In both machines I usually operate on, one at home and another at work, Nautilus seens to work pretty fast when it comes to my local files. However, as soon as I connect it using the SSH option on Nautilus, it becomes really painfully slow, taking 2-5 seconds to open a folder, while a terminal ssh session would take just a fraction of a second to run a cd
command.
The same goes for copying files, with a cp
being nearly instantaneous on terminal-SSH, while
it takes a lot more in Nautilus.
The worse case, however, happens when i try to copy any of my local files to the remote side using Nautilus: it may take several minutes, maybe an hour, if the file (a tar, for example) is too big (500MB or bigger, let's say) while a sftp > put
or scp
would last seconds, or just a few minutes at worse.

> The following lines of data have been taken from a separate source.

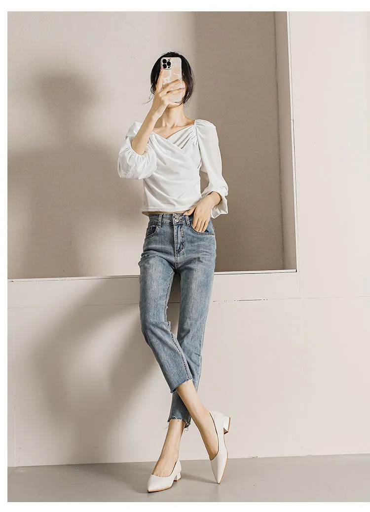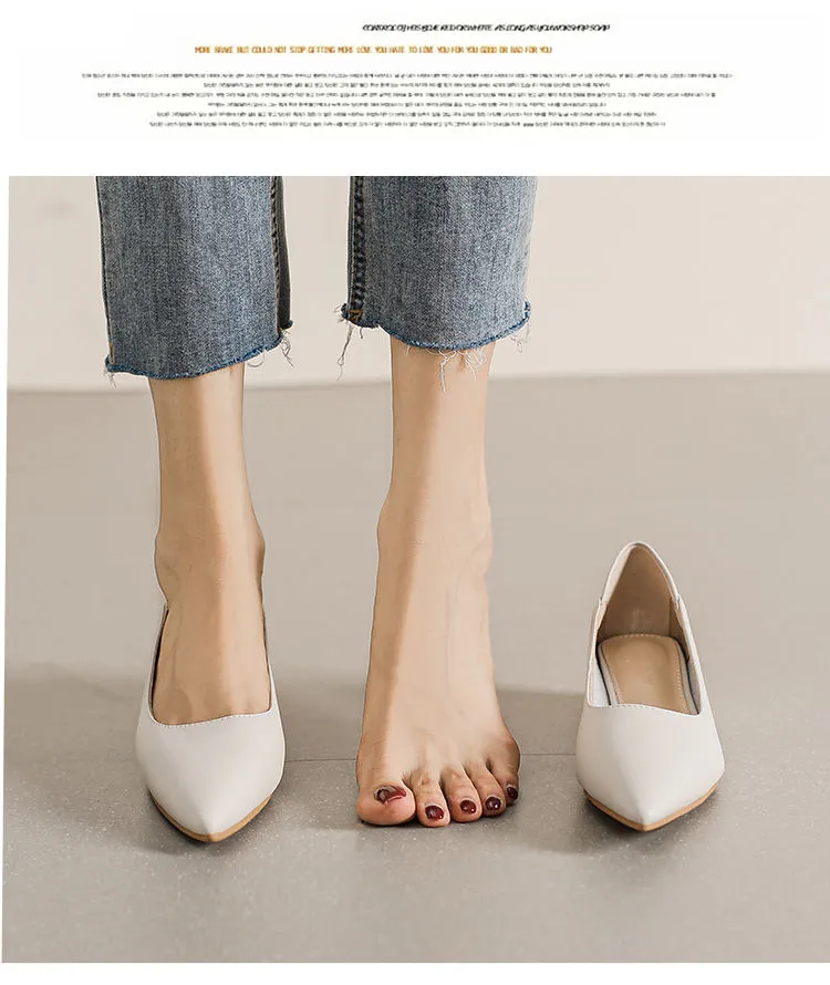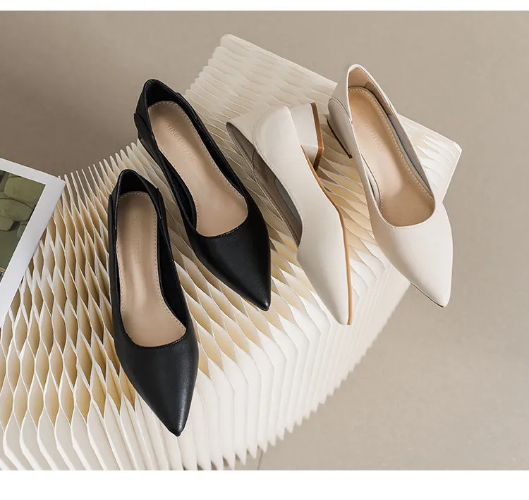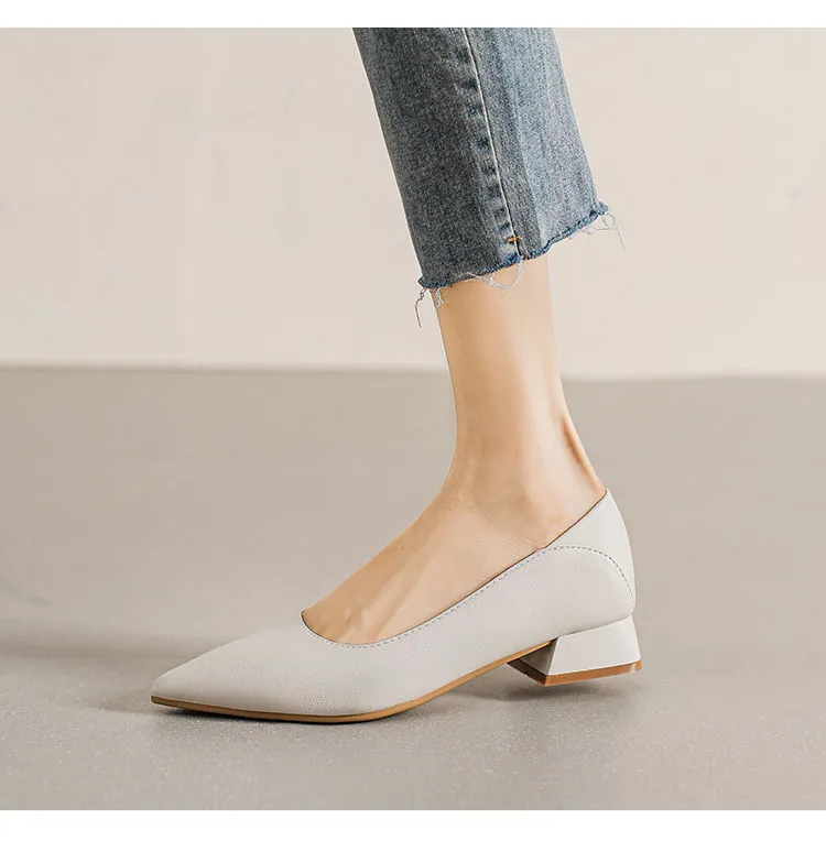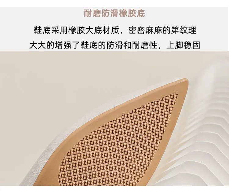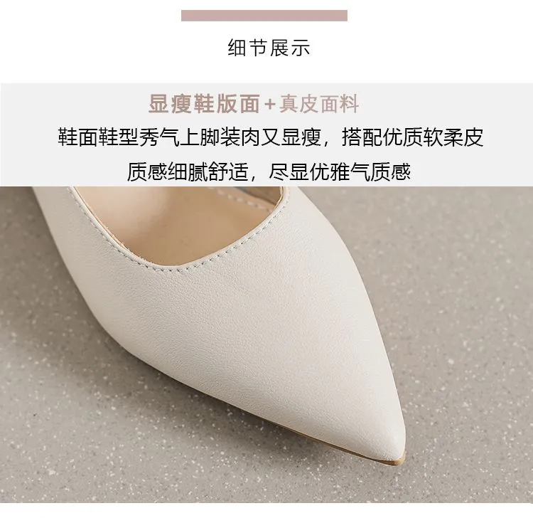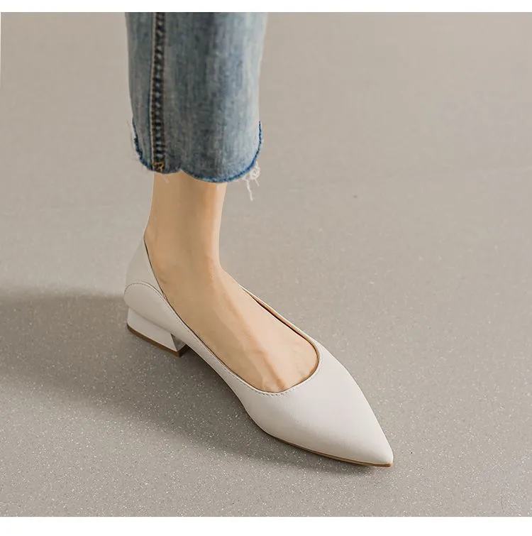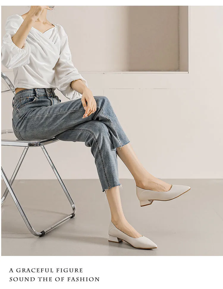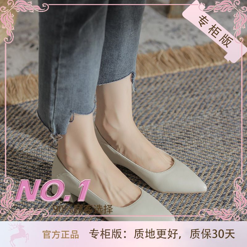 法式尖头浅口两穿单鞋女2023新款软皮粗跟上班不累脚一脚蹬工作鞋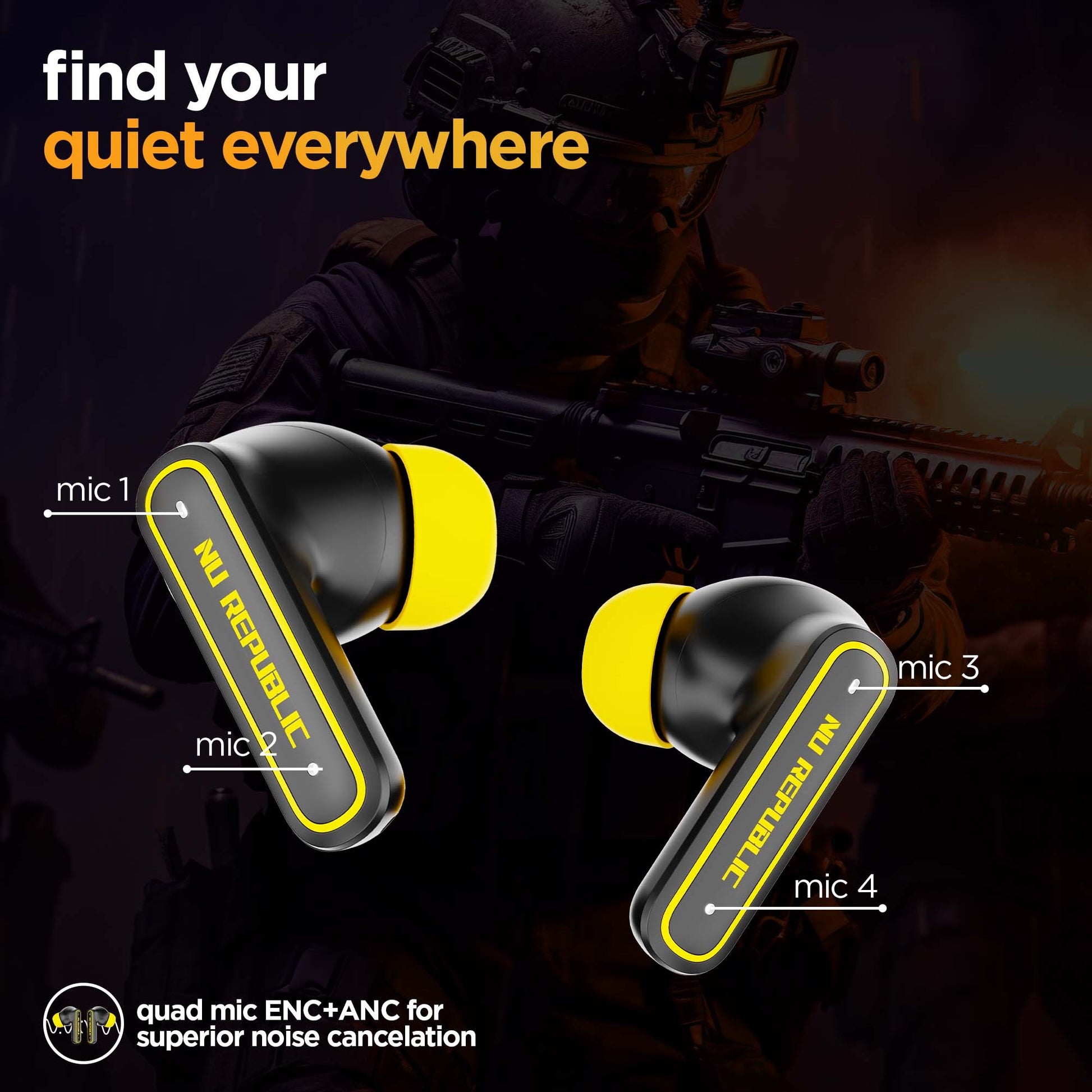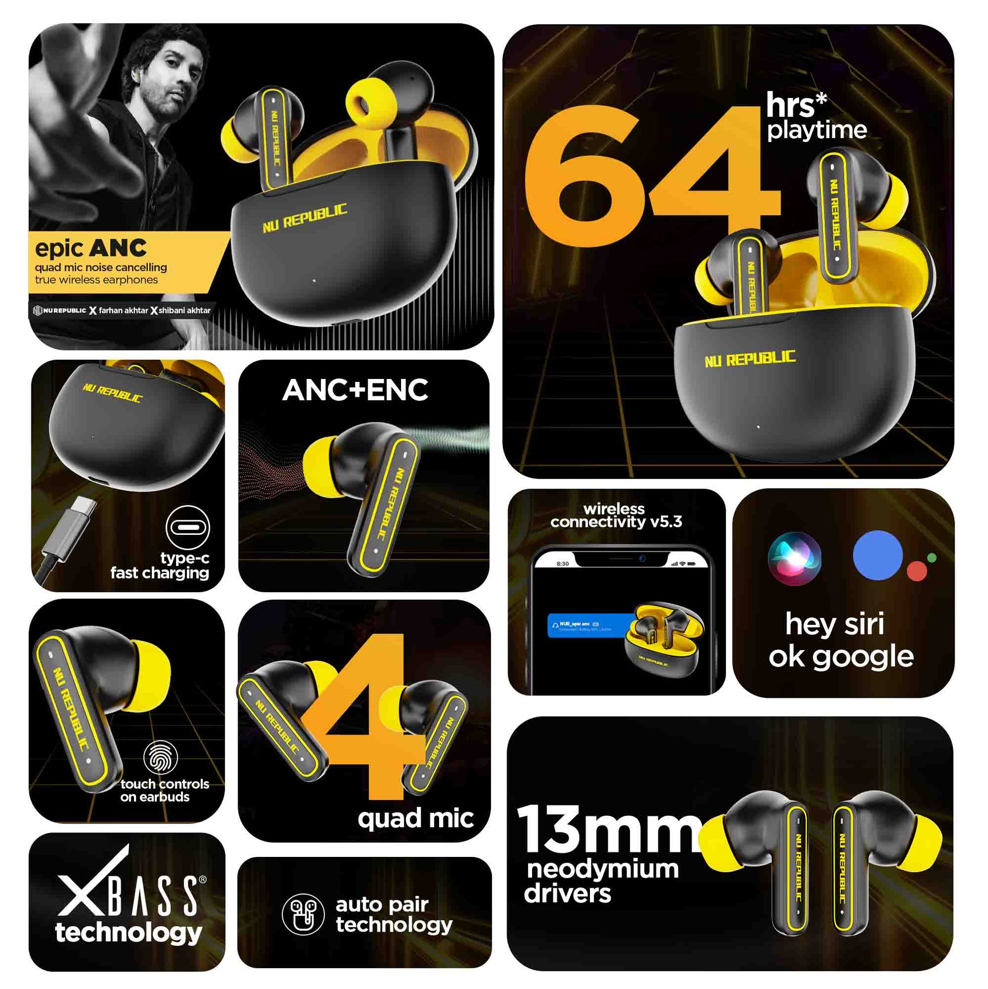 Nu Republic's Epic ANC true wireless earbuds offer ultimate noise cancellation like never before. A superior combination of ENC and ANC with quad mics keep you in control of the noise around anywhere and everywhere you go.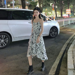 Real price ~ minority French floral suspender dress women's irregular ear edge splash ink skirt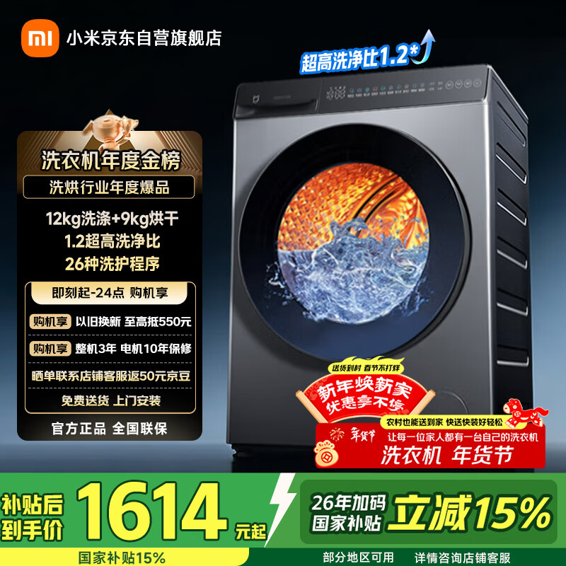 米家小米洗衣机全自动家用滚筒带烘干洗烘一体12公斤超大容量1.2洗净比一级能效国家补贴XHQG120MJ101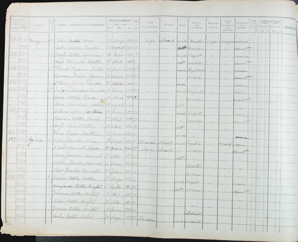Hojas declaratorias por familias y Padrón de habitantes, 1877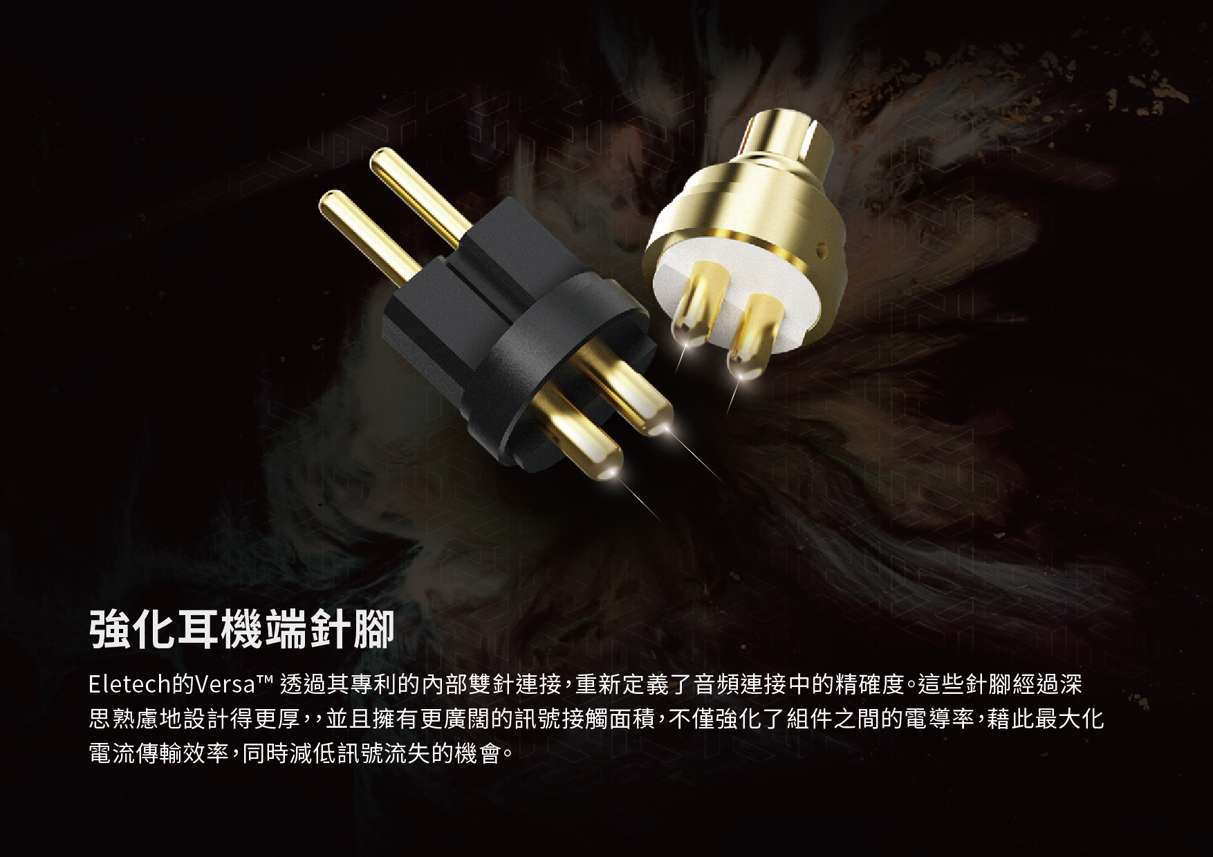 Eletech的Versa™ 透過其專利的內部雙針連接,重新定義了音頻連接中的精確度。這些針腳經過深思熟慮地設計得更厚,並且擁有更廣闊的訊號接觸面積,不僅強化了組件之間的電導率,藉此最大化電流傳輸效率,同時減低訊號流失的機會。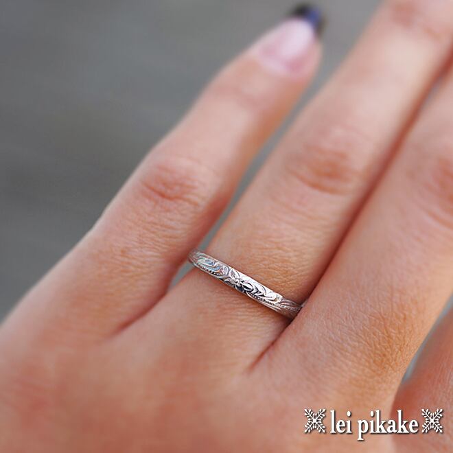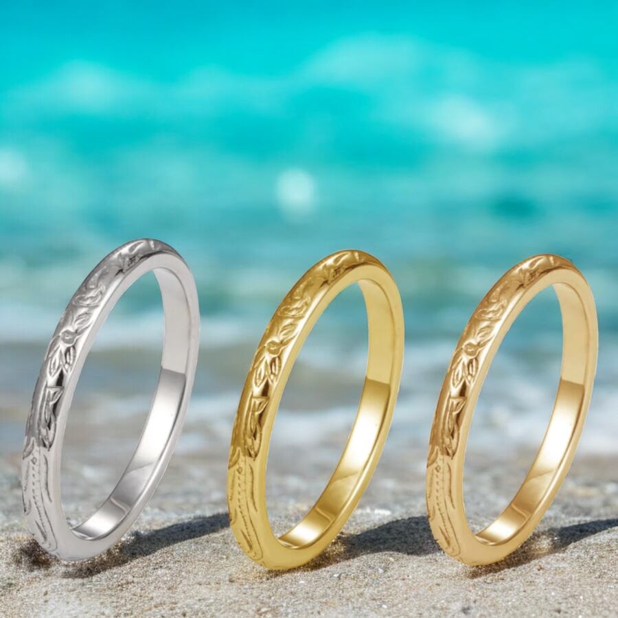 細身 ハワイアンジュエリー サージカルステンレス リング スクロール柄 リング ステンレス メンズ レディース シンプルリング フラット プルメリア メッキ 316L lei-grss502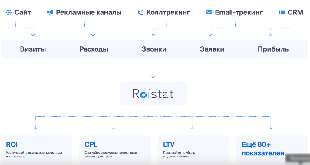 После проведения интеграции с сервисами Roistat формирует единый массив данных — то есть:
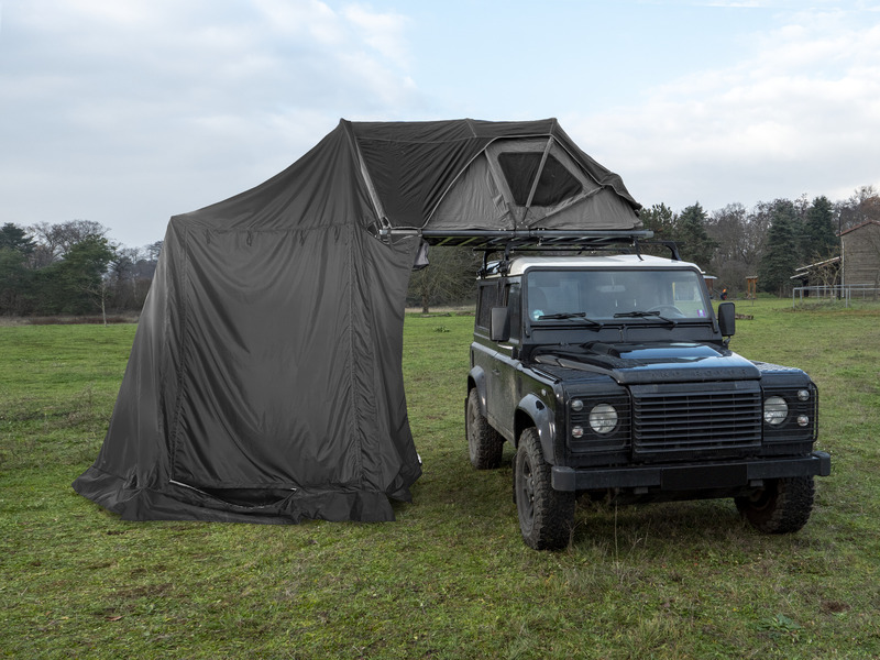 Anbindung an Dachzelt VICTORIA 2.0 (900647) per Reißverschluß / Leiter im Inneren des Anbaus schützt vor Regen, Wind & Kälte.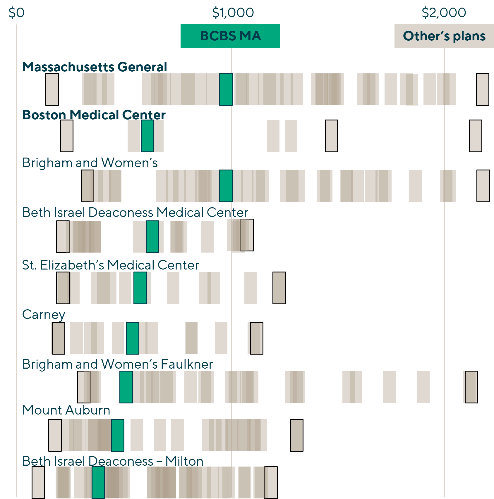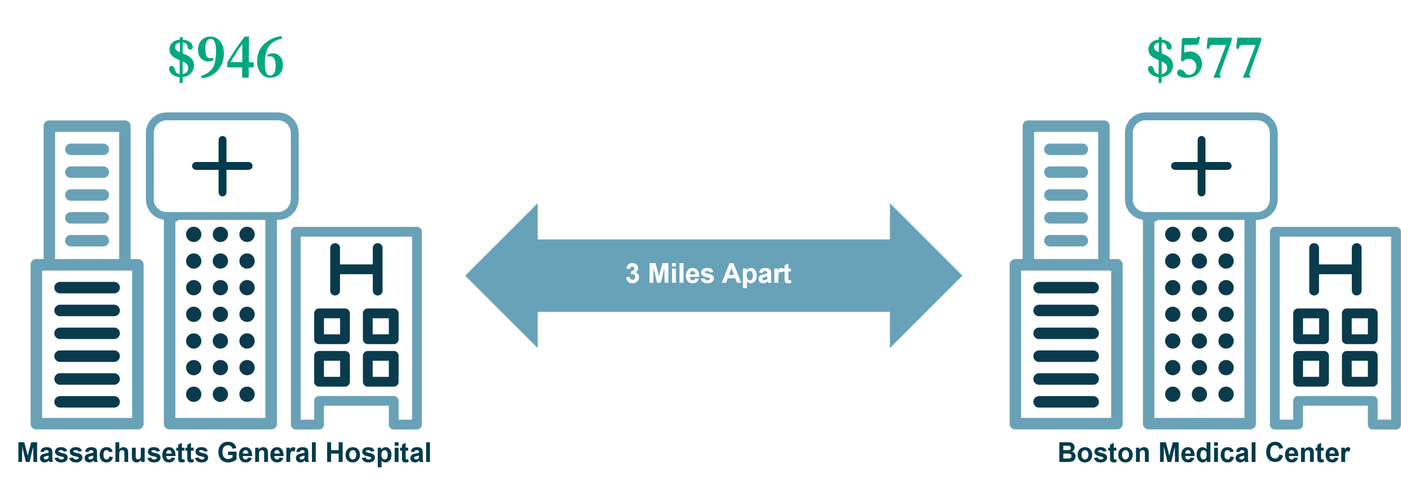 Another example of the wide variation in pricing exposed by the NSA can be seen by comparing a common service in a specific geography. The same insurance network (Blue Cross Blue Shield of Massachusetts [BCBS MA]) has negotiated two materially different rates with two very similar providers:

Isn't Nautilus supposed to run the same SSH/SFTP connections and commands? If yes, why would it be considerably slower than the terminal on that?
Update: both of my machines were attempting to connect to the same server, which happens to be an AWS ec2 instance. Those two can use the nautilus remote session with no significant delay between them, only the AWS machine offers this kind of issue on both. While this may seen an AWS issue, I still don't see how can the SSH terminal be way faster than Nautilus even on AWS.
Update 2 : The same problem happens on pcmanfm
, so this may be not a Nautilus problem after all.